You know, those signs they’ve been seeing along our streets and roadways that advertise Southern Nevada’s plethora of judicial races.

Through a translator, the prosecutor from a distant land politely noted the painfully obvious. Namely, that electing judges and contributing to their campaigns create potential conflicts and the perception of bias. He found “the fact that judges are elected very interesting,” which might be the nicest thing ever said about Nevada’s annual judicial sweepstakes.

In Turkey, which is no one’s idea of an open society these days, judges must pass a series of tests before taking the bench. They serve in a system of seniority and, at least in theory, can be removed for cause by the same high court that originally approved them.

In reality — and here’s the rub that crosses all borders — not many judges are removed from office. Perhaps only 10 in the past decade out of many thousands, a member of the Turkish contingent said.

That might mean that the justice system in Turkey is just plain superior to our own, which allows the votes of citizens both informed and ignorant to count the same and also gives judges the right to raise piles of campaign cash from the very lawyers who will stand before them. But I don’t think so.

To put it less politely than the gentleman from Turkey, our system does create a helluva perception of conflict — especially when highly successful attorneys such as Robert Eglet are willing to spend a bundle and hire their own judicial race handicappers.

Our way allows the best and brightest to succeed, but only if they’re willing to fundraise. It also occasionally enables the mediocre to prevail. During the rapid expansion of the court system here, it opened the door to some lamp posts with law degrees to take the bench and sit in judgment of others.

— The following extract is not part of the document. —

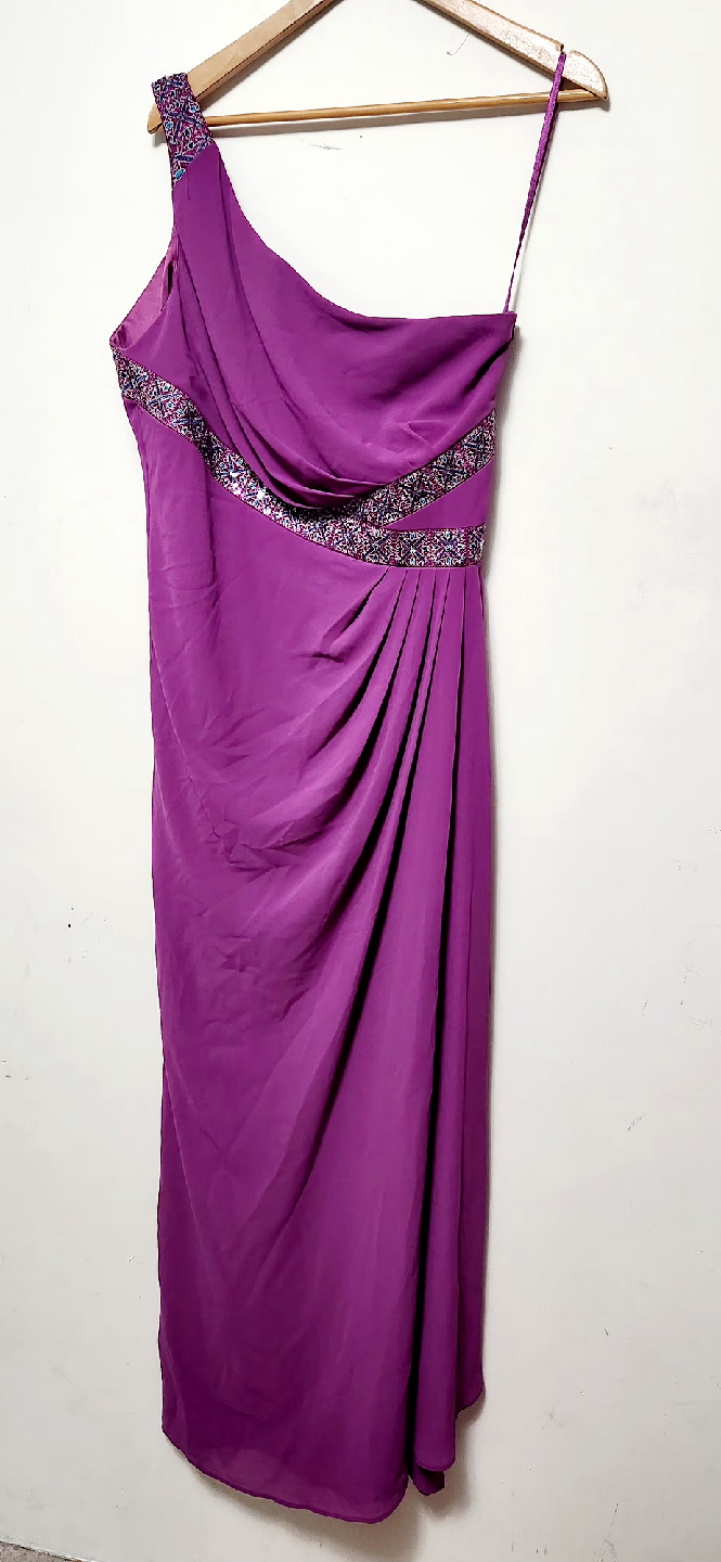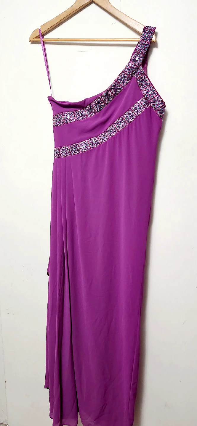 Selling a beautiful Monsoon one-shoulder dress in a lovely shade of purple! It's a UK size 16, EUR size 44, and US size 12. The dress features elegant detailing around the shoulder and waist, making it perfect for a special occasion or a night out

Most judges learn on the job and emerge competent and professional. Others never get it right, and it can take years to get rid of them.

But the system of judicial appointment, sometimes called the Missouri Plan, also produces mixed results. It’s also slow to remove the incompetent and even the shifty. Whether appointed or elected, a judge with sticky fingers always will find ways to fill his palm and have someone else pick up the tab for his exotic vacation.

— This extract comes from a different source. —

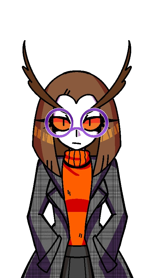 Twyla is a short young woman, described by Mary as being a “small girl” like her. She has straight brown hair, that is shaped in a way that resembles the face of an owl. Her eyes have an orange sclera and she has small brown pupils, with purple framed circle glasses on top. She has long eyebrows, described as being spectacular and resembling an owl.
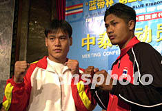 藍帶杯第三屆“中國功夫·泰國職業泰拳爭霸賽”的雙方運動員,五日在廣州與媒體見面。中泰雙方頂尖高手柳海龍(左)與江蓋·諾格(右)等將于九月七日在廣州體育館上演一場精彩的爭霸戰。作者:梁永強

Although the Review-Journal attempts to interview every judicial candidate, the public pays little attention to courthouse campaigns. The process favors the photogenic and the familiar. Those signs on the roadside are there for a reason, my Turkish friends.

Name recognition and fundraising skill are two of several reasons it was so hard to yank rancid Family Court Judge Steven Jones from office. Despite years of controversy and suspected corruption, Jones still received high marks in the Review-Journal’s annual judicial survey. It took a federal indictment to pry him from the bench.

Because most Nevada voters appear unwilling to change the system that exists, the best way to improve the breed is to increase the transparency of campaign finance laws, strengthen whistleblower protection, ramp up press scrutiny and add some teeth to the state Judicial Discipline Commission.

Not that courthouse observers are anticipating such changes any time soon.

Our method of electing judges is imperfect and perhaps even out of date, but the process is still in the hands of the citizens who sit as jurors of their peers and might one day stand before the bar of justice themselves.

It’s not ideal, but it’s the system we have. It works most of the time, thankfully, and it affords the possibility of correcting its mistakes.

Even if it is hard to explain to strangers.